# Exercise objective
Go through the listing and set it down exactly, leaving out its pictures.
[[ Information provided open ]]
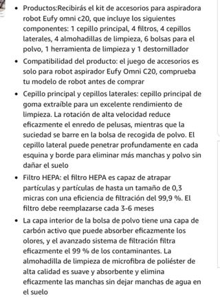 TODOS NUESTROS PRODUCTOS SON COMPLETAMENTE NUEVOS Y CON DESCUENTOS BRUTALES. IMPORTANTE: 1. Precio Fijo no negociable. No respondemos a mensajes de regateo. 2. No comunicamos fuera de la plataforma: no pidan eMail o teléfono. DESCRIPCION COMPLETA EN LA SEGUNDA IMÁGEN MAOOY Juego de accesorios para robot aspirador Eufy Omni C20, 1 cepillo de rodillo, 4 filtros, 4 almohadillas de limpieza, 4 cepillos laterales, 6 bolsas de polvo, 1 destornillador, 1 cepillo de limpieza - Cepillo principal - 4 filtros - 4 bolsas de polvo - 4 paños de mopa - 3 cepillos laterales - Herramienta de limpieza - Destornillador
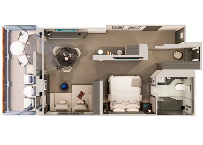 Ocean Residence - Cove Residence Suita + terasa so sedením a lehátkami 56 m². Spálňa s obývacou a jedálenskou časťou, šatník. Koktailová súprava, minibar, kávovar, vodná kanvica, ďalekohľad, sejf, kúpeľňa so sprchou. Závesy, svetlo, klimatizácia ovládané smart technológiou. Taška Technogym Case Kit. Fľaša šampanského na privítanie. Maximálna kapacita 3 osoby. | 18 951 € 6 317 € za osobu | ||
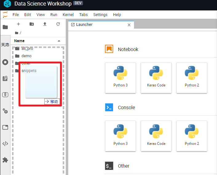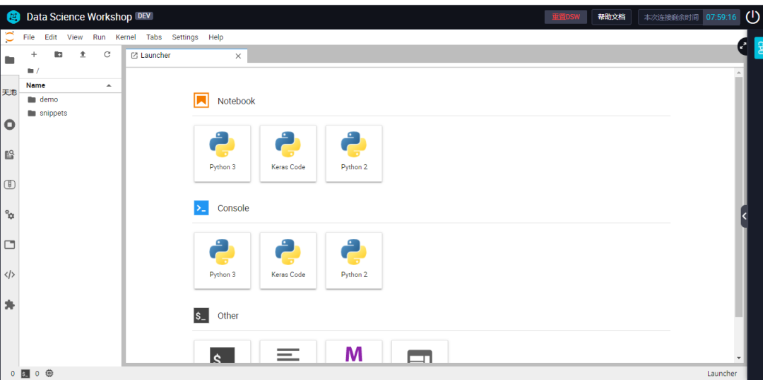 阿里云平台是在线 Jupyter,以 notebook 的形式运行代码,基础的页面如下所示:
[[ Information provided closed ]]
# Task output
 TODOS NUESTROS PRODUCTOS SON COMPLETAMENTE NUEVOS Y CON DESCUENTOS BRUTALES. IMPORTANTE: 1. Precio Fijo no negociable. No respondemos a mensajes de regateo. 2. No comunicamos fuera de la plataforma: no pidan eMail o teléfono. DESCRIPCION COMPLETA EN LA SEGUNDA IMÁGEN MAOOY Juego de accesorios para robot aspirador Eufy Omni C20, 1 cepillo de rodillo, 4 filtros, 4 almohadillas de limpieza, 4 cepillos laterales, 6 bolsas de polvo, 1 destornillador, 1 cepillo de limpieza - Cepillo principal - 4 filtros - 4 bolsas de polvo - 4 paños de mopa - 3 cepillos laterales - Herramienta de limpieza - Destornillador
 Ocean Residence - Cove Residence Suita + terasa so sedením a lehátkami 56 m². Spálňa s obývacou a jedálenskou časťou, šatník. Koktailová súprava, minibar, kávovar, vodná kanvica, ďalekohľad, sejf, kúpeľňa so sprchou. Závesy, svetlo, klimatizácia ovládané smart technológiou. Taška Technogym Case Kit. Fľaša šampanského na privítanie. Maximálna kapacita 3 osoby. | 18 951 € 6 317 € za osobu | ||
 阿里云平台是在线 Jupyter,以 notebook 的形式运行代码,基础的页面如下所示:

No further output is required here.